Sinnecker Sebastian, Svensen Nina, Barr Eric W, Ye Shengfa, Bollinger J Martin, Neese Frank, Krebs Carsten
Max-Planck Institut für Bioanorganische Chemie, D-45470 Mülheim an der Ruhr, Germany.
J Am Chem Soc. 2007 May 16;129(19):6168-79. doi: 10.1021/ja067899q. Epub 2007 Apr 24.
The Fe(II)- and alpha-ketoglutarate (alphaKG)-dependent dioxygenases activate O2 for cleavage of unactivated C-H bonds in their substrates. The key intermediate that abstracts hydrogen in the reaction of taurine:alphaKG dioxygenase (TauD), a member of this enzyme family, was recently characterized. The intermediate, denoted J, was shown to contain an iron(IV)-oxo unit. Other important structural features of J, such as the number, identity, and disposition of ligands in the Fe(IV) coordination sphere, are not yet understood. To probe these important structural features, a series of models for J with the Fe(IV) ion coordinated by the expected two imidazole (from His99 and His255), two carboxylate (succinate and Asp101), and oxo ligands have been generated by density functional theory (DFT) calculations, and spectroscopic parameters (Mössbauer isomer shift, quadrupole splitting, and asymmetry parameter, 57Fe hyperfine coupling tensor, and zero field splitting parameters, D and E/D) have been calculated for each model. The calculated parameters of distorted octahedral models for J, in which one of the carboxylates serves as a monodentate ligand and the other as a bidentate ligand, and a trigonal bipyramidal model, in which both carboxylates serve as monodentate ligands, agree well with the experimental parameters, whereas the calculated parameters of a square pyramidal model, in which the oxo ligand is in the equatorial plane, are inconsistent with the data. Similar analysis of the Fe(IV) complex generated in the variant protein with His99, the residue that contributes the imidazole ligand cis to the oxo group, replaced by alanine suggests that the deleted imidazole is replaced by a water ligand. This work lends credence to the idea that the combination of Mössbauer spectroscopy and DFT calculations can provide detailed structural information for reactive intermediates in the catalytic cycles of iron enzymes.
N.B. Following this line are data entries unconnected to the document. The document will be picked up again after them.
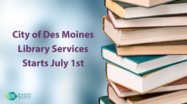 Windsor Heights residents may begin using the City of Des Moines Public Libraries on July 1, 2020. This includes full access to their digital library. Until then, the City of Urbandale is the designated library for Windsor Heights residents.
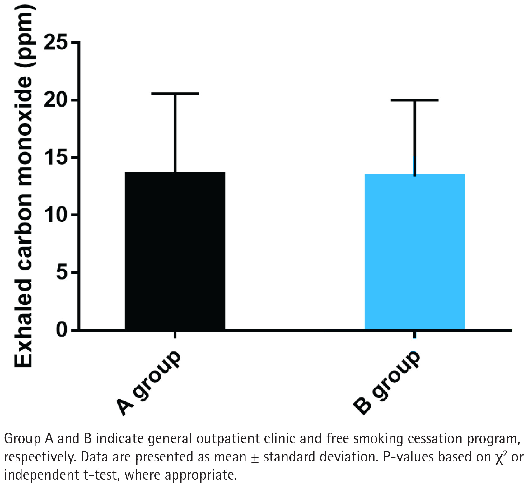 The demographic data of groups A and B were compared and analyzed, including gender, age, education level, marriage, occupation, monthly income, average monthly cigarette smoking cost, cigarettes smoked per day, duration of cigarette smoking, pack-year, and medication19,20.
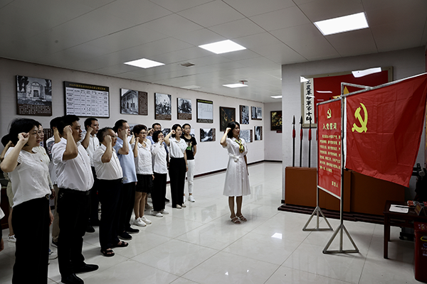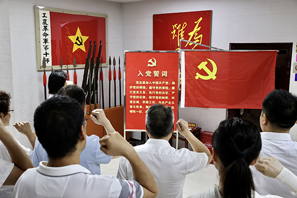 “我志愿加入中國共產(chǎn)黨,擁護黨的綱領(lǐng),遵守黨的章程……”在黨支部書記的帶領(lǐng)下,面對鮮紅的黨旗重溫入黨誓詞,牢記共產(chǎn)黨員的政治責任和歷史使命,永葆共產(chǎn)黨員的政治本色。
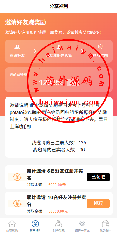 邀请分销系统/注册返利/营销裂变源码/助力拉新
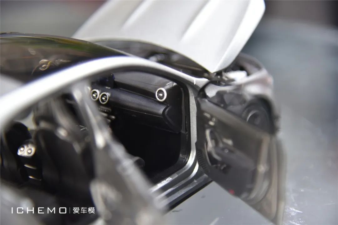 模型后备箱盖件处车标为蚀刻片件,其盖件与车体有 “液压杆” 支撑保持姿态;尾翼(和车头风刀等)空气动力学组件参考实车配置还原。
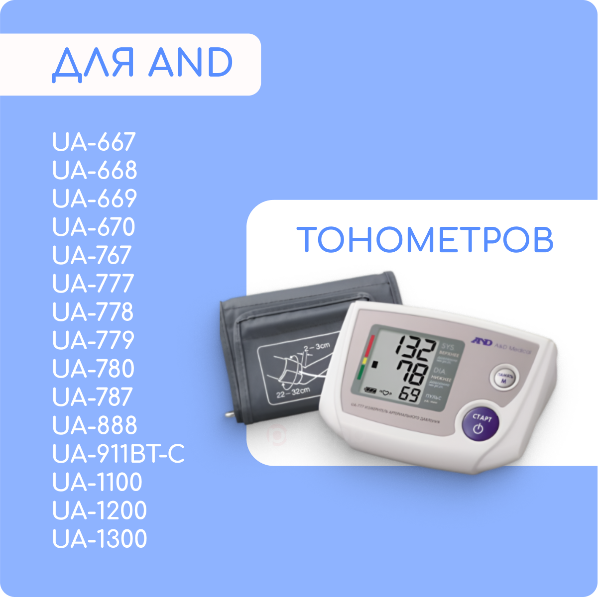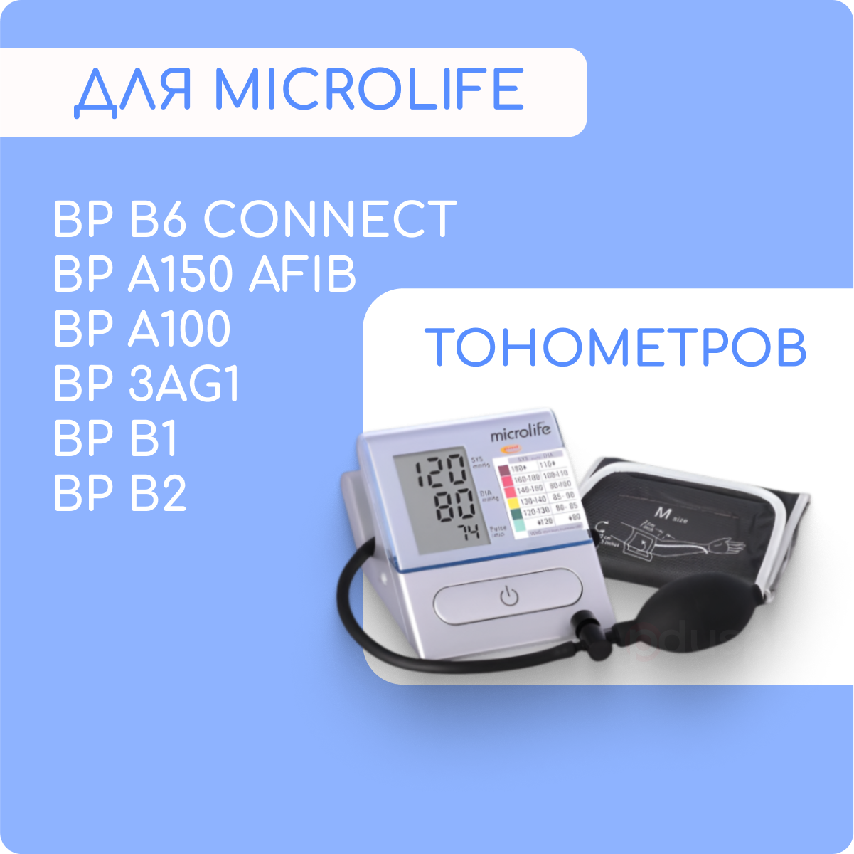| Совместимость | Тонометр, небулайзер, ингалятор Omron 717 B.Well AD 156, AD 155, PRO-33, PRO-34, PRO-35, PRO-36 AND / A&D модели: UA-667, UA-668, UA-669, UA-670, UA-767, UA-777, UA-778, UA-779, UA-780, UA-787, UA-888, UA-911BT-C, UA-1100, UA-1200, UA-1300, TB-182С Little Doctor модели: LD3, LD5, LD23, LD51, LD6 Nissei модели: DS-10a, DS-12A, DS-1011, DS-1031, DS-500, DS-700, DS-1902 Microlife AD-1024C , BP A100, BP 3AG1, BP B1, BP B2, AD-1024, BP B6 Connect, BP A150 AFIB MediTech для автоматических тонометров МТ-30, МТ-40, МТ-50 Armed MediTech Tensoval Medisana Citizen Samsung Gamma Dr. Frei Vega Norditalia Paramed Longevita |
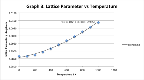 We observe that the higher temperature data points deviate slightly from the trend at the lower temperature data points (the lattice parameter rises at a slightly smaller rate at higher temperatures). The resultant new trend line (now trying to represent the correlation between the variables over the entire range) has a slightly different quadratic equation and we see that now all the data points do not perfectly fit with the new trend line.
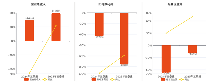 公司营业总收入为21.20亿元,较去年同报告期营业总收入增加5.19亿元,同比较去年同期上涨32.45%。归母净利润为-6.09亿元,较去年同报告期归母净利润减少3.30亿元。经营活动现金净流入为-4.99亿元,较去年同报告期经营活动现金净流入增加11.91亿元,实现2年连续上涨。

依赖于亚铁(Fe(II))和α-酮戊二酸(αKG)的双加氧酶激活氧气,用于切割其底物中未活化的碳氢键。该酶家族成员之一的牛磺酸:αKG双加氧酶(TauD)反应中提取氢的关键中间体最近得到了表征。该中间体,记为J,显示含有一个铁(IV)-氧单元。J的其他重要结构特征,如铁(IV)配位球中配体的数量、身份和排列,尚不清楚。为了探究这些重要的结构特征,通过密度泛函理论(DFT)计算生成了一系列J的模型,其中铁(IV)离子由预期的两个咪唑(来自His99和His255)、两个羧酸盐(琥珀酸盐和Asp101)和氧配体配位,并为每个模型计算了光谱参数(穆斯堡尔同质异能位移、四极分裂和不对称参数、57Fe超精细耦合张量以及零场分裂参数D和E/D)。对于J的扭曲八面体模型(其中一个羧酸盐作为单齿配体,另一个作为双齿配体)和三角双锥模型(其中两个羧酸盐都作为单齿配体)的计算参数与实验参数吻合良好,而氧配体位于赤道平面的四方锥模型的计算参数与数据不一致。对变体蛋白中生成的铁(IV)配合物进行类似分析,其中将贡献咪唑配体与氧基团顺式的His99残基替换为丙氨酸,结果表明缺失的咪唑被水配体取代。这项工作支持了这样一种观点,即穆斯堡尔光谱和DFT计算相结合可以为铁酶催化循环中的反应中间体提供详细的结构信息。